OKRという言葉を聞くようになったが、自社に導入できるのか分からない。KPIとの違いが曖昧。そんな声を中小企業の経営者から多くいただきます。OKRはGoogleやIntelが採用したことで注目されましたが、実は中小企業にこそ向いている目標管理手法です。この記事では、中小企業がOKRを導入し、組織の目標達成力を高めるための具体的な方法を解説します。
OKRとは何か、KPIとの違い
OKRはObjectives and Key Resultsの略で、目標(Objective)と主要な成果指標(Key Results)の2つで構成される目標管理フレームワークです。Objectiveは達成したいゴールを定性的に表現し、Key Resultsはそのゴールが達成されたかを測る定量的な指標です。
OKRとKPIの違いは、目的にあります。KPIは日常業務の進捗を管理するための指標であり、達成率100%を目指すのが基本です。一方OKRは、組織が挑戦的な目標に向かって前進するためのフレームワークであり、達成率60から70%が適切とされます。つまり、OKRは意図的にストレッチした目標を設定し、そこに向かうプロセスで組織の力を引き出す仕組みです。
中小企業にOKRが向いている理由は3つあります。経営者のビジョンと現場の行動を直結させやすいこと、少人数だからこそ全員が同じ方向を向く必要があること、そして四半期ごとの短いサイクルで方向修正しやすいことです。KPIダッシュボードの作り方と組み合わせれば、OKRの進捗管理がさらに効果的になります。
OKRの設定方法と具体例
OKRの設定は、まず会社全体のOKRを決め、そこから部門やチームのOKRに落とし込むトップダウンのアプローチが基本です。
会社OKRの例:
- Objective:中小企業の自走支援で業界のスタンダードになる
- Key Result 1:四半期の新規契約数を現在の5社から10社に増やす
- Key Result 2:クライアントの自走率(支援終了後も成長を維持している割合)を60%以上にする
- Key Result 3:NPS(顧客推奨スコア)を50以上にする
このように、Objectiveはワクワクする定性的な目標、Key Resultsは具体的な数字で測れる指標を設定します。

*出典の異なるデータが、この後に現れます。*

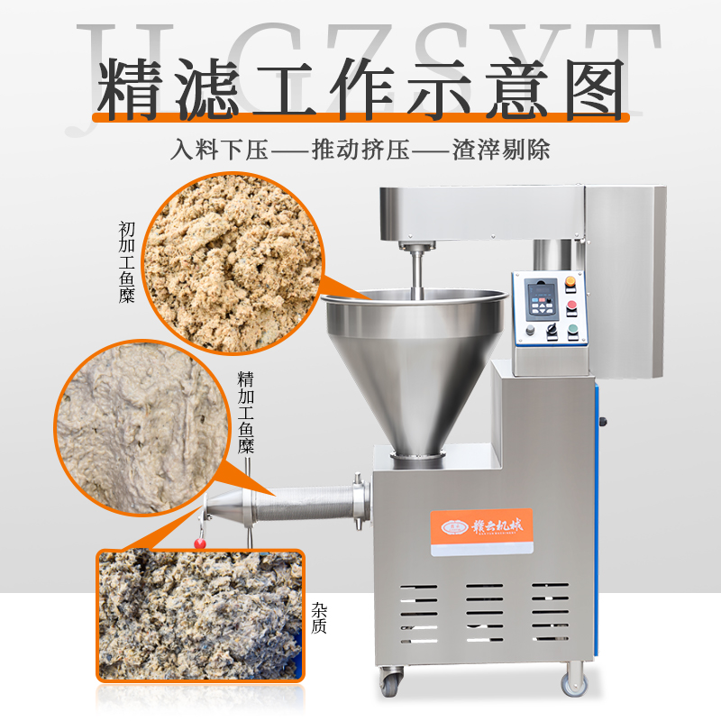 實(shí)拍魚糜精濾機(jī)精濾鮮魚肉效果
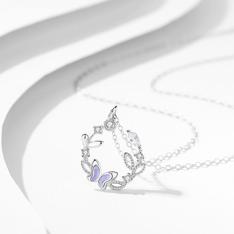 Butterfly Necklace Women's Mori Department Niche Design Personality Fashion Glazed Clavicle Chain Simple, Delicate And Cute Jewelry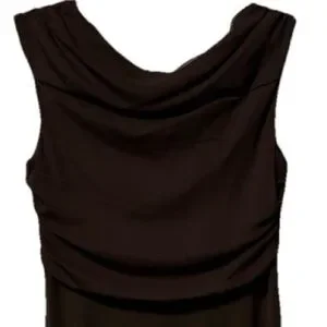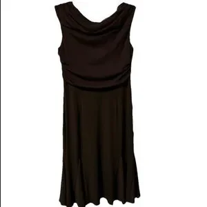 flattering, & easy to style 🤎 this beautiful vintage Style & Co midi dress features a twisted/ruched bodice in both the front AND the back for a beautifully shaped, waist-defining fit. the stretch knit fabric drapes comfortably while keeping a polished silhouette — perfect for work or day-to-night styling.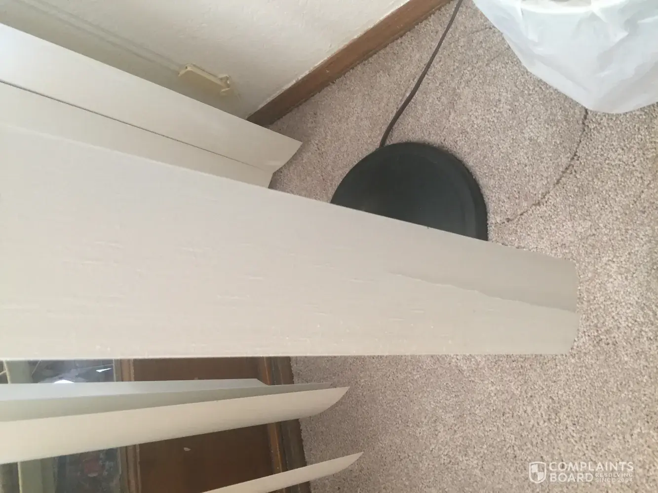 Desired outcome: Refund on baseboard, Correct carpet and discount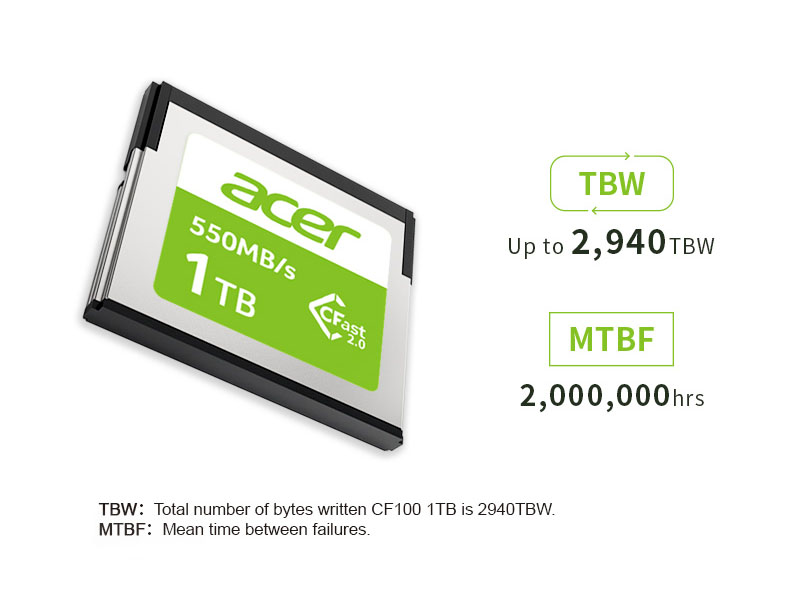 Acer CF100 offers impressive read speeds of up to 550 MB/s*, allowing users to more quickly transfer card footage. You’ll work faster– and save more time for post-processing. This CFast™ 2.0 memory card delivers the type of high performance that broadcast, cinema, and photography professionals demand to get the most out of their professional cameras.

OKRの設定で重要なのは、Key Resultsを3つ以内に絞ること。多すぎると焦点がぼやけ、OKRの効果が薄れます。
部門OKRは会社OKRに連動させます。例えば営業部門なら、会社のKey Result 1を受けて、営業部門のObjectiveを新規開拓の仕組みを確立すると設定し、Key Resultsとしてアウトバウンド施策からの月間リード数を30件以上にする、初回商談から提案までのリードタイムを14日以内にするなどを置きます。
OKR導入の具体的なステップ
OKRの導入は、以下の5ステップで進めます。
ステップ1:経営者がOKRを理解する。 OKRは経営者自身が率先して使うことで初めて機能します。書籍やオンライン記事でOKRの基本を学び、自社に導入するイメージを持ってください。OKRの理解なくして導入はできません。
ステップ2:パイロットチームで試す。 いきなり全社導入するのではなく、1チーム(営業チームや開発チームなど)で1四半期間のトライアルを実施します。OKRの設定から運用までの流れを実体験し、自社に合った運用方法を見つけます。
ステップ3:会社OKRを設定する。 トライアルの結果を踏まえ、会社全体のOKRを設定します。経営者が原案を作り、幹部チームとの議論を経て確定します。OKRは全社員に公開するのが原則です。透明性がOKRの効果を最大化します。
ステップ4:チームOKRと個人OKRを設定する。 会社OKRに連動する形で、各チームと個人のOKRを設定します。個人OKRは上司との1on1で擦り合わせます。トップダウンで押し付けるのではなく、ボトムアップの要素も取り入れることで、社員の主体性が高まります。
ステップ5:運用サイクルを回す。 四半期の中で、週次のチェックイン(10分程度の進捗共有)と、四半期末のレビュー(振り返りと次期OKR設定)を行います。1on1面談の活用法を参考に、OKRの進捗確認を1on1に組み込むのが効果的です。
OKR運用で成果を出す4つのコツ
OKRを導入した企業が陥りやすい失敗を防ぎ、成果を出すための4つのコツを紹介します。
コツ1:OKRを人事評価に直結させない。 OKRの達成率を賞与や昇給に直接連動させると、挑戦的な目標を設定しなくなります。OKRは挑戦の方向性を示すもの、人事評価は別の基準で行うという切り分けが重要です。評価制度の設計を参考に、OKRと評価制度の関係を整理してください。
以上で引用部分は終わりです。